Data excerpt —
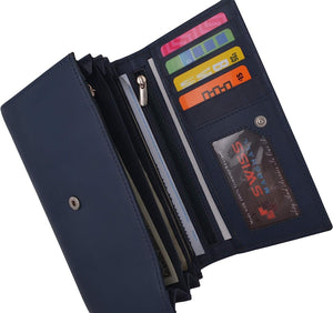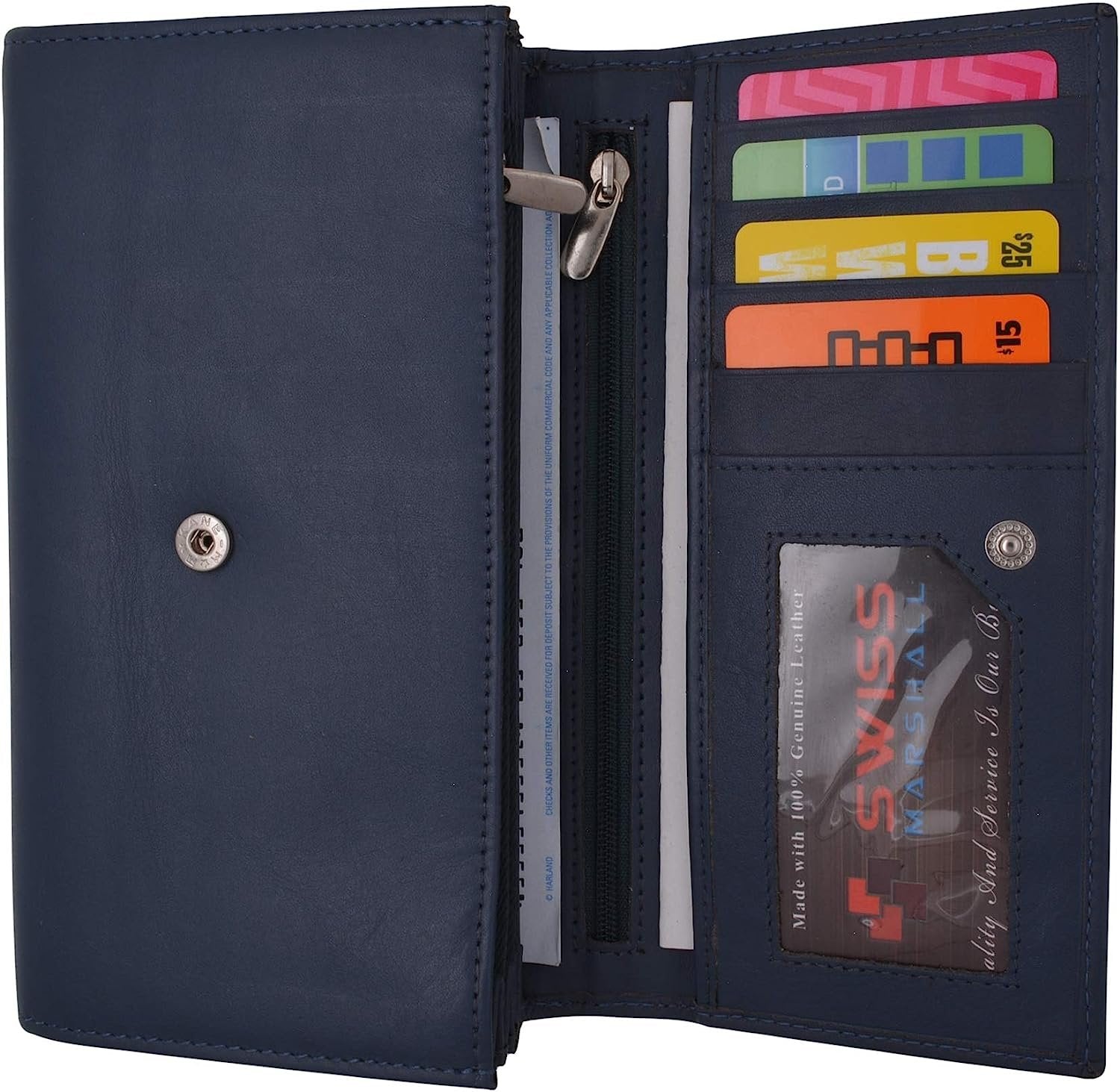 Swiss Marshall Women RFID Blocking Real Leather Wallet - Clutch Checkbook Wallet for Women
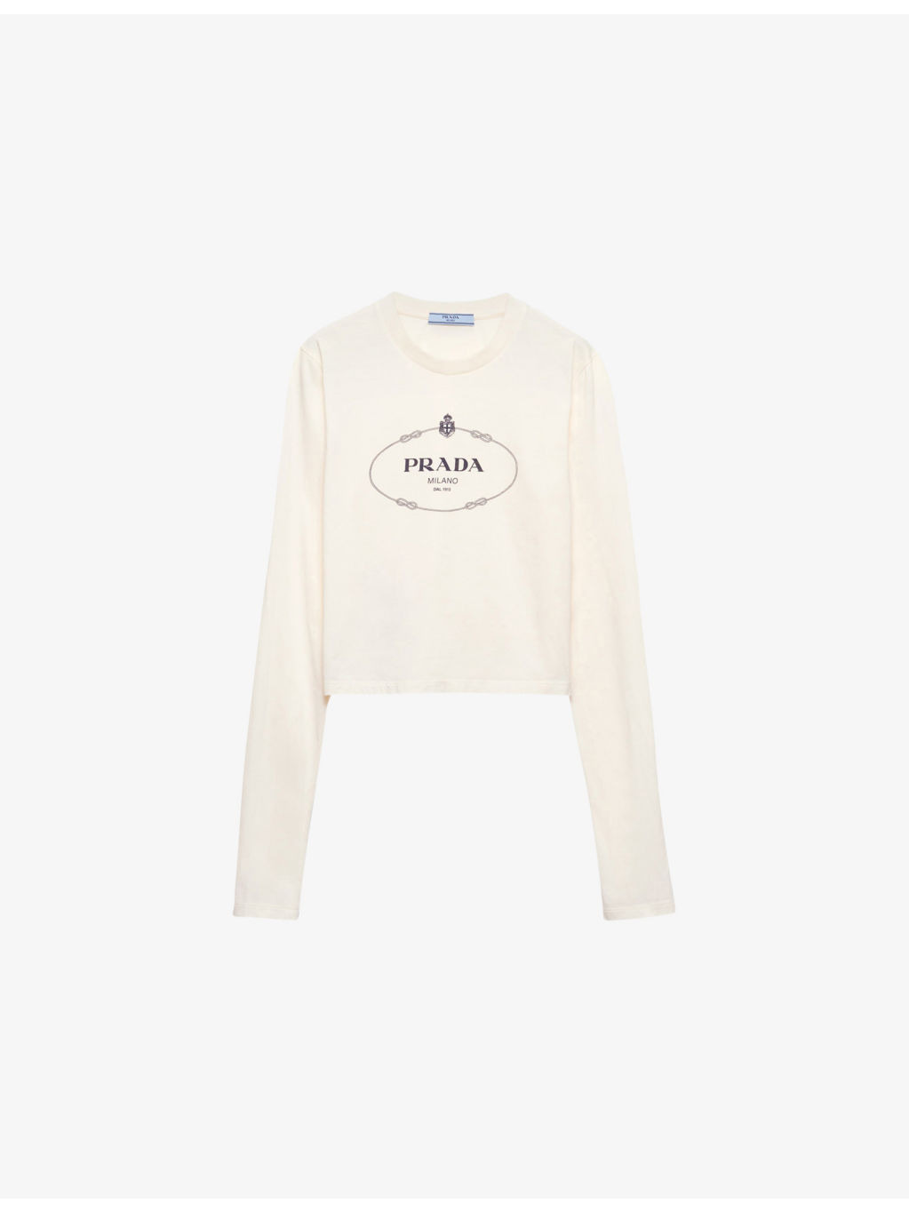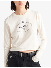 PRODUCT DETAILS - Prada cotton-jersey top - 100% - Slips on - Regular fit, round neck, long sleeves, brand print at front, cropped - Machine wash cold - True to size - Model is 5ft 10in/1.78m and wears a size small - Lightweight, slight stretch Ref: R04418541
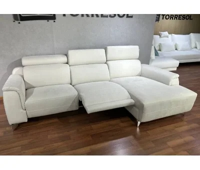 El modelo Ralph de Sofás Torresol es un relax eléctrico con sentada ergonómica, cuenta con la para trasera unos centímetros más baja que la delantera, consiguiendo una sentada muy cómoda, lo notamos sobre todo al extender el mecanismo al quedar los pies por encima de la cadera.
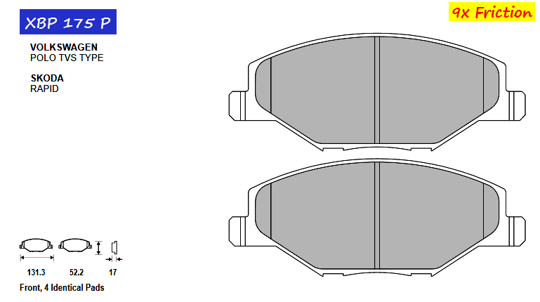 VOLKSWAGEN POLO TVS TYPE SKODA RAPID Front, 4 Identical Pads

Work instructions — Only one thing is wanted here, an exact copy of the lines from the first line above through the line containing "PRODUCT DETAILS - Prada", minus any picture.

Written solution —
 Swiss Marshall Women RFID Blocking Real Leather Wallet - Clutch Checkbook Wallet for Women
 PRODUCT DETAILS - Prada cotton-jersey top - 100% - Slips on - Regular fit, round neck, long sleeves, brand print at front, cropped - Machine wash cold - True to size - Model is 5ft 10in/1.78m and wears a size small - Lightweight, slight stretch Ref: R04418541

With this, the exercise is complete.